In summary

Environmental advocates uncovered ties from SoCalGas to the California Restaurant Association lawsuit that overturned Berkeley’s ban on natural gas hookups in new buildings, asserting that the private utility improperly used ratepayer money to support the legal firm.

Guest Commentary written by

Matt Vespa

Matt Vespa

Matt Vespa is a senior attorney at Earthjustice.

A federal appeals court recently dealt a destabilizing blow to local governments across the West by ruling that a first-in-the-nation policy from Berkeley to phase out methane gas hookups in new buildings was preempted by federal law. 

California has led the nation on policies to upgrade homes and buildings with clean energy appliances, rather than continuing to use fossil fuels like gas for heating and cooking. Berkeley’s original policy kickstarted a national movement for healthier housing, and in less than four years, it gained incredible traction. More than 100 cities and states have passed policies to incentivize clean energy homes, and 1 in 5 Americans now live in a region with a so-called building decarbonization policy. 

These solutions are vital for local and state governments. Not only is pollution from buildings one of the largest sources of climate emissions in our communities, but this pollution carries significant public health risks. A recent study found close to 13% of childhood asthma in the U.S. can be attributed to gas stove use. In California, it’s more than 20%. 

The recent ruling from 9th U.S. Circuit Court of Appeals rests on a broad interpretation of federal law preemption, which could become a significant barrier to local and state authority to upgrade housing regulations and fight climate change.

Thankfully, its immediate impact is limited. There are many viable pathways to ensuring new homes are built to run on clean energy and this ruling just impacts one. The decision, made by three Republican-appointed judges on the 9th Circuit, will also likely be appealed to the full 9th Circuit.

Hopefully sound legal analysis will prevail. 

Time will tell just how damaging the court’s interpretation of federal preemption is, but it’s fair to say it impedes California’s efforts to end its reliance on polluting gas and the wishes of Californians who overwhelmingly support action on climate change. And on the same day that the 9th Circuit issued their decision, it became clear that SoCalGas may have had a hand in this setback.

While the California Restaurant Association, or CRA, has served as the face of this suit, it turns out that the gas industry played a key role. Public filings showed that when CRA filed its lawsuit, SoCalGas, the nation’s largest gas utility, began to pay millions in legal fees to Reichman Jorgensen, the same firm representing CRA.  

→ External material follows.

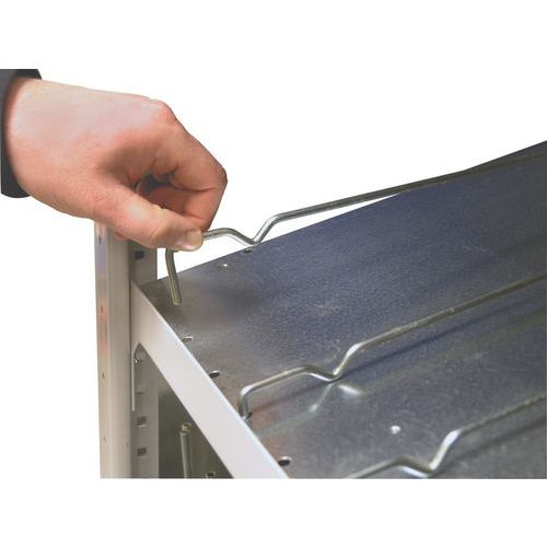 Tablette renforcée par lisse, lisse avant relevée de 15 mm pour anticiper toute chute de marchandises.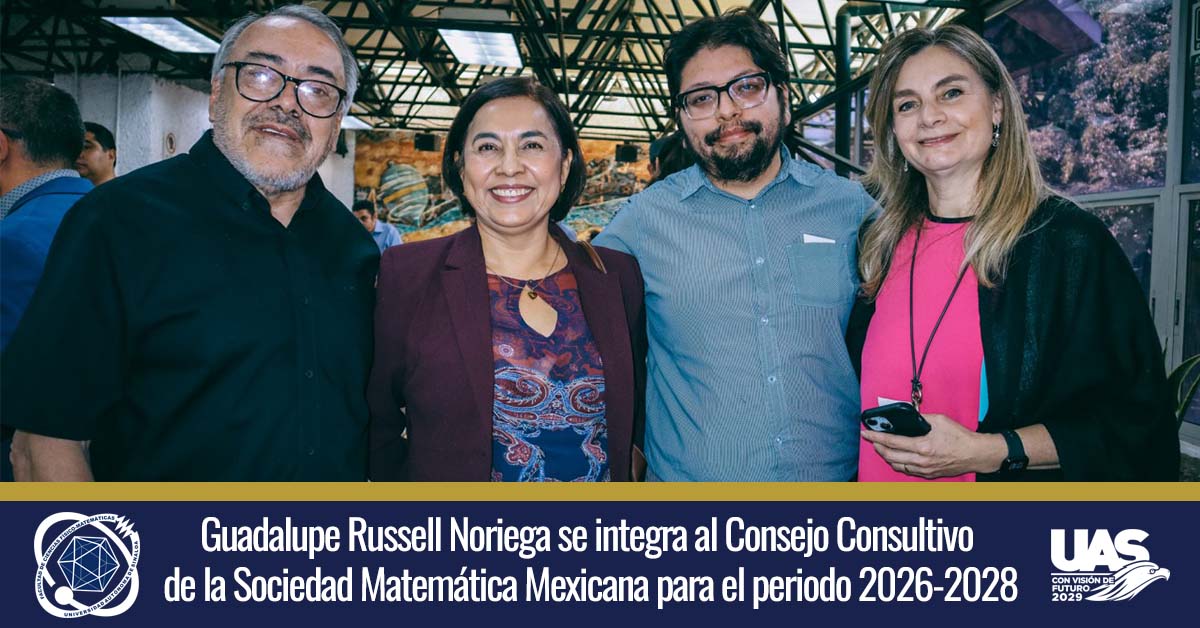 La doctora Guadalupe Russell Noriega, investigadora de la Facultad de Ciencias Físico Matemáticas (FCFM) de la Universidad Autónoma de Sinaloa (UAS), participó el pasado 4 de febrero en la toma de protesta de la nueva mesa directiva de la Sociedad Matemática Mexicana (SMM), celebrada en la Ciudad de México. En dicho acto, quedó formalmente integrado el consejo consultivo que acompañará los trabajos del periodo 2026-2028, del cual forma parte la académica sinaloense tras recibir el respaldo mayoritario de los integrantes de la asociación.

While SoCalGas had previously denied the work was related, last week SoCalGas was forced by the California Public Utilities Commission to admit that it funneled more than $1 million of customer money to pay for legal services by Reichman Jorgensen that included work on federal preemption of local laws to limit gas, the very issue at the heart of the CRA litigation. This was at the same time SoCalGas ramped up its donations to the CRA’s philanthropic arm, the California Restaurant Foundation, from $24,000 in 2019 to more than half a million in 2021.

That’s right. On the heels of the most crippling utility bill affordability crisis this decade in Southern California, SoCalGas used money collected through gas bills to develop the legal claims underpinning the challenge to a policy that’s been embraced by dozens of California communities, including Los Angeles. 

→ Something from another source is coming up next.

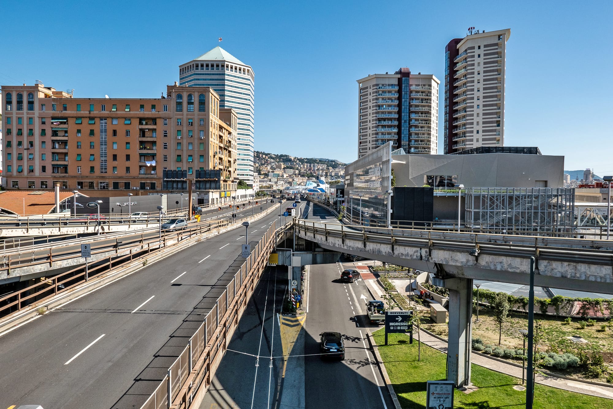 Allora perché non continuare a utilizzare la sopraelevata come arteria di scorrimento veloce del traffico? Di conseguenza, via Gramsci – aperta solo ad autobus e fornitori – avrebbe bisogno di due corsie, e il resto dello spazio sarebbe da destinare allo svago e a nuove piantumazioni. «Questa sostanziale riorganizzazione dei flussi di traffico potrebbe dare seguito, a cascata, a una serie di altre opere, come la definitiva strutturazione di un terminal intermodale a Principe, il ridisegno di piazza della Commenda, la cancellazione del sottopasso di Caricamento».

The revelation comes as a result of Earthjustice’s client, the California Environmental Justice Alliance, intervening in SoCalGas’ request to California regulators to increase gas rates by more than 20%. The organization’s goal is to identify and block utility spending that impedes California’s transition away from fossil fuels.

Supporting CRA’s lawsuit is very much in the gas industry’s financial interests, and against the interest of our communities. Locking Californians into the use of polluting gas at home bolsters gas industry profits. 

In fact, SoCalGas was previously sanctioned for misusing customer money to directly oppose local government adoption of all-electric building codes. As part of its current rate request, the utility wants customers to pay for the close to $800,000 it spent to sue the state of California for its purported failure to sufficiently promote gas – even though methane gas is at the heart of our state’s growing affordability crisis. 

While SoCalGas is now claiming it “unintentionally categorized” costs of research underlying the legal basis in CRA’s lawsuit as customer funded, there’s ample evidence to suggest this is a pattern of attempting to charge customers for its profit-driven efforts that obstruct climate action. 

California gas customers were put through the wringer this winter, and California cities are doing all they can ensure we can fight climate change while stabilizing energy bills. Regulators must hold the gas industry accountable to ensure it is not a barrier to building healthier, more affordable communities.

Editor’s note: A previous version of this commentary misstated the recipient of SoCalGas’ financial contributions.